By MICHAEL COLEMAN Journal Washington Bureau
WASHINGTON — The wind and solar energy industries lost another battle on Capitol Hill on Tuesday when Republicans blocked a vote on a Senate bill to extend their tax breaks.
The vote to take up the bill failed for the second time in a week, this time on a 52-44 vote.
Democrats couldn’t get the 60 votes needed to cut off debate and move to a vote on the bill, which contains almost $18 billion in renewable energy incentives, including investment and production tax credits for solar and wind energy companies.
The credits expire Dec. 31 and industry officials — especially in the solar industry — contend that allowing the credits to lapse will cripple their growth and cost thousands of jobs.
A spokesman for German-based Schott Solar, which broke ground on a 200,000-square-foot manufacturing plant in New Mexico in March, said the first phase of the firm’s project is safe. But without the investment tax credit, expansion is in jeopardy.
“We have plans for expansion,” Alex Marker said. “This will certainly delay them.”
Republicans, including Sen. Pete Domenici, R-N.M., moved to prevent a vote on the tax bill, arguing that tax breaks should not be offset by what they described as tax increases on other industries.
Domenici said he supports the solar and wind energy tax breaks. But he argued they should not be contingent on imposing other taxes, because the clean energy incentives will create jobs and stimulate the economy, effectively paying for themselves.
“They will create jobs immediately — you don’t have to look for tax offsets every time,” Domenici told the Journal. “I don’t think we will ever pass this package of taxes as long as the Democrats insist that we place a tax on someone or some business.”
Democrats proposed to raise about $54 billion by closing what they described as a tax loophole that allows hedge fund managers and others to defer some overseas profits, and by delaying a tax break that multi-national corporations are expected to receive in the future.
Democrats, including Sen. Jeff Bingaman of New Mexico, who chairs the Senate Energy and Natural Resources Committee, contend the renewable tax credits, part of a larger tax package, should be paid for.

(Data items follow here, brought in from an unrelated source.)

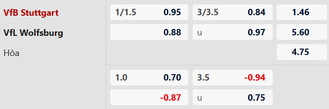 Stuttgart thắng theo châu Á: Stuttgart thắng 5/8 trận gần nhất, thắng 3/4 trận sân nhà vừa qua tại Bundesliga. Còn Wolfsburg thua 5/6 trận gần đây, thua 3/4 chuyến làm khách gần nhất. Vì thế, có thể tin vào Stuttgart ở trận này.
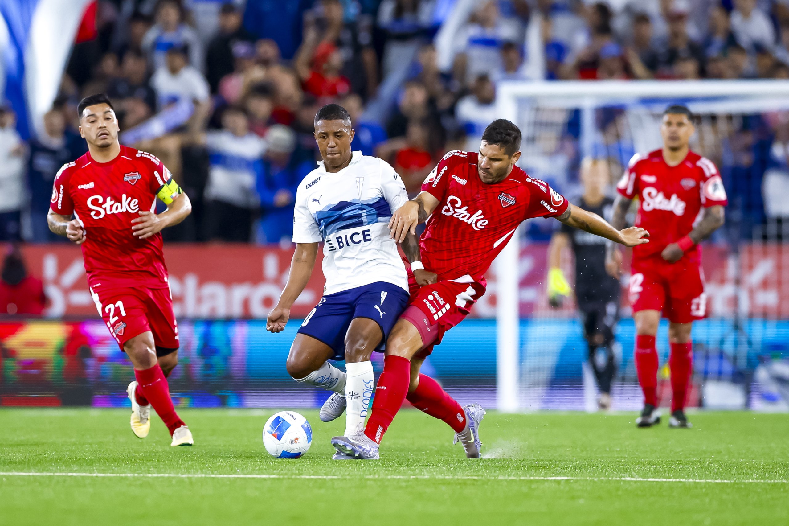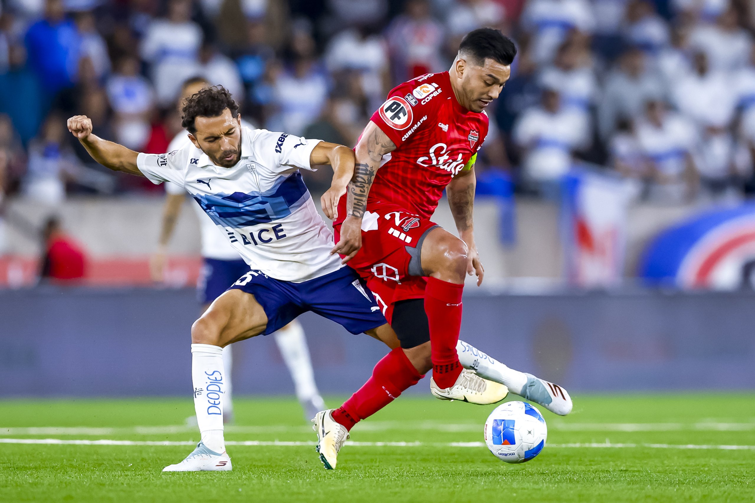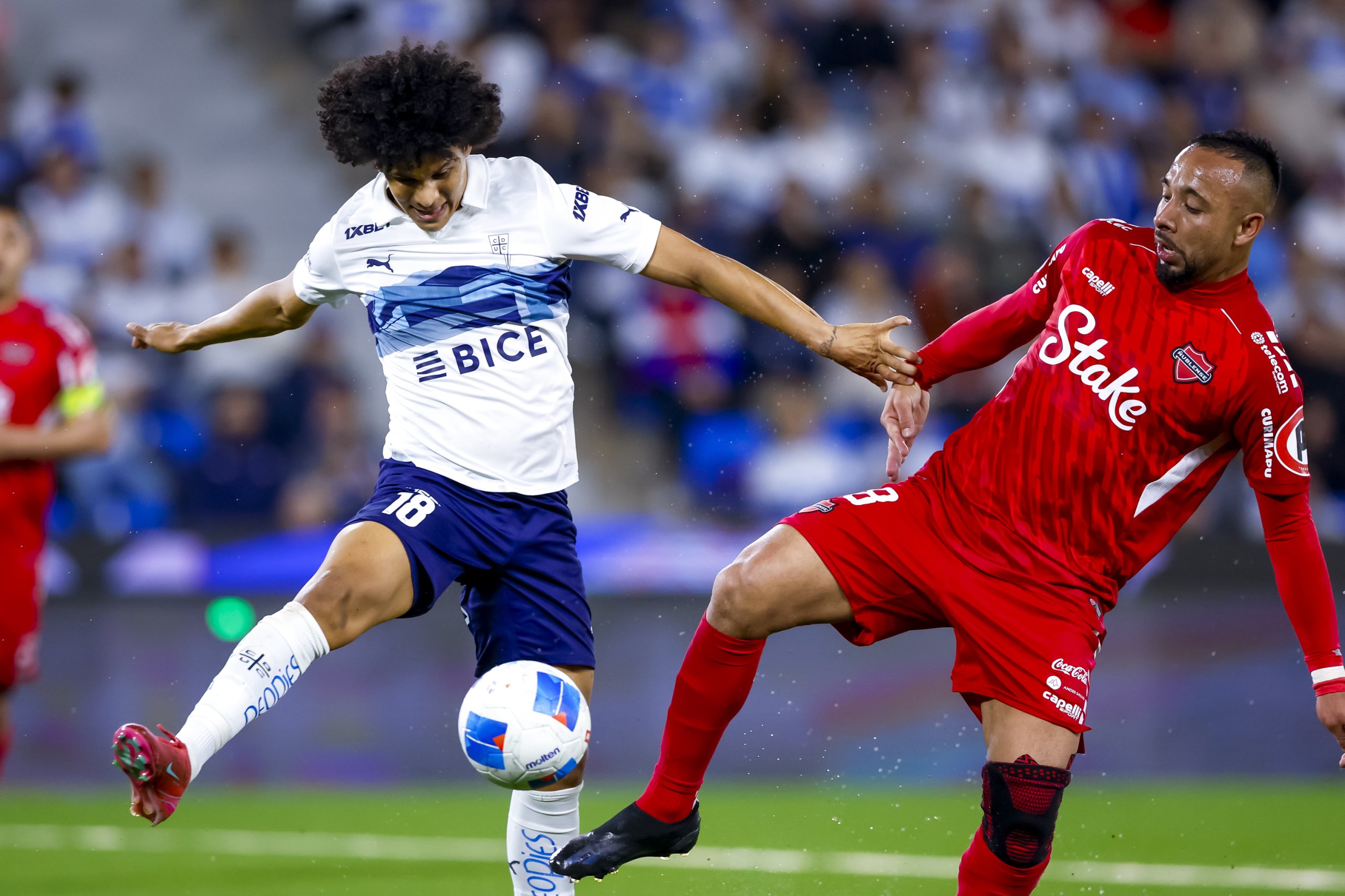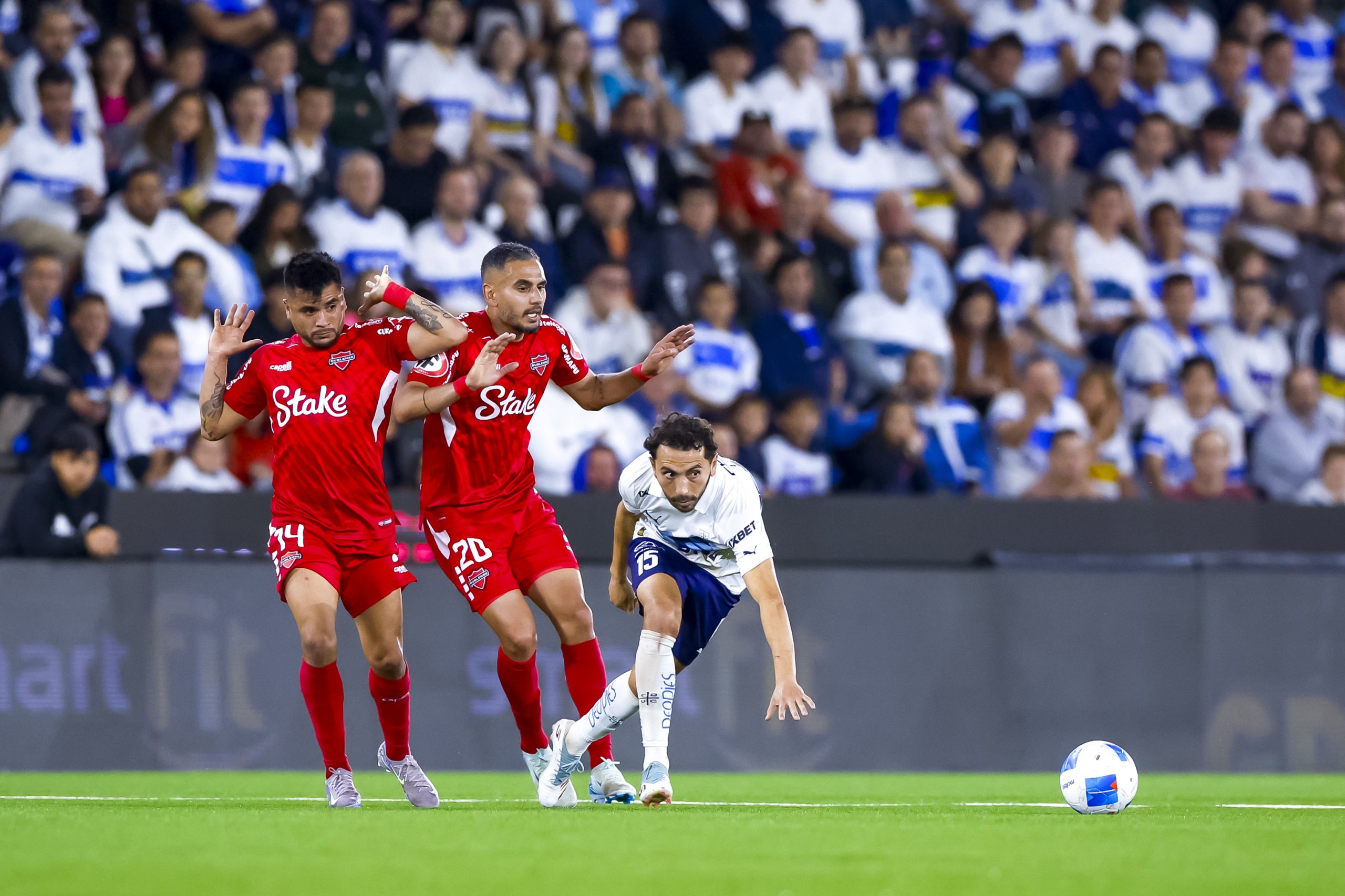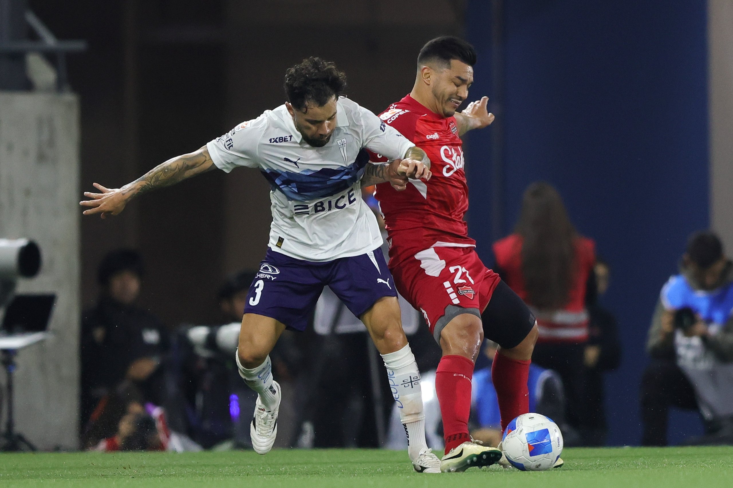 El encuentro no pudo arrancar de mejor manera para la UC. En el minuto tres el árbitro Héctor Jona fue convocado por el VAR para observar una falta de Osvaldo Bosso en el borde del área y expulsó al defensa sureño. Y en el tiro libre posterior, Eduard Bello puso la pelota en un lugar inalcanzable para el portero Nicola Pérez, anotando la apertura de la cuenta.
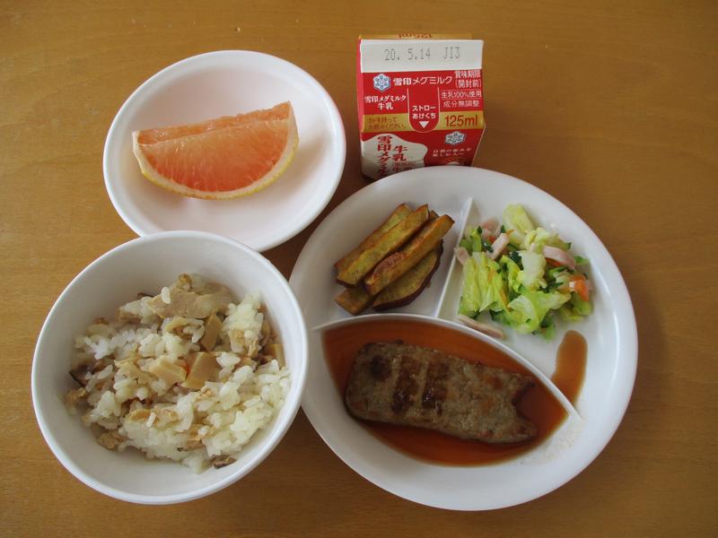 ・筍ごはん ・こいのぼりハンバーグ ・おさつフライ ・春キャベツの中華風サラダ ・牛乳
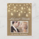 Foto Rustic Burlap Mason Jar Obrigado Cartões postais - personalize para uma foto sua. Design apresenta um fundo de braçadeira rústica do país com luzes de cordas e frascos de mason acesos.
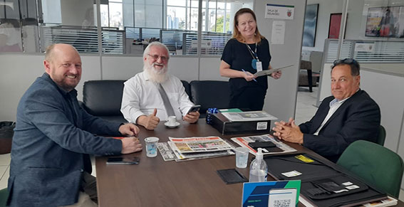 Na quarta-feira (25) passada, o presidente da Associação dos Jornais do Interior do Estado do Paraná (Adjori), Cidenei Cristian Allebrandt (Alemão do Jornal); o vice-presidente, Sergio Jonikaites; e o tesoureiro, Elizio Siqueira, se reuniram na capital do Estado com o secretário de Estado da Comunicação, Cleber Mata, com o diretor de Marketing, Willian dos Santos Silva e a chefe de gabinete, Keia Cristina. Em pauta, a sequência da parceria do governo estadual com a entidade que sempre levou de forma séria e ágil as informações para todos os municípios paranaenses.
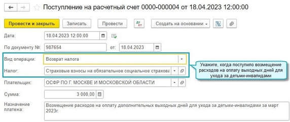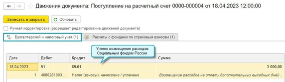 В программе «1С:Бухгалтерия 8» начиная с версии 3.0.136 добавлена возможность учитывать поступление из Социального фонда России возмещения расходов на оплату дополнительных выходных дней для ухода за детьми-инвалидами, на выплату пособия на погребение, на финансирование предупредительных мер по сокращению производственного травматизма и других расходов.

A Democratic effort to pay for the clean energy tax breaks by repealing about $18 billion in tax breaks for the biggest oil companies also was blocked by Republicans this year.
Bingaman said he would vote to extend the clean energy tax breaks with or without recovering the revenue elsewhere in the budget. But he said the current Congress pledged to balance its budgets, and the bill Tuesday was an effort to do that.
“I thought the proposal was imminently reasonable,” said Bingaman, who voted to move the bill to a final vote Tuesday. “The responsible thing to do is make up the revenue somewhere else.”
Domenici said the bill contained other provisions unpalatable to Republicans, including $1.6 billion to allow trial lawyers to claim tax credits for contingency fees.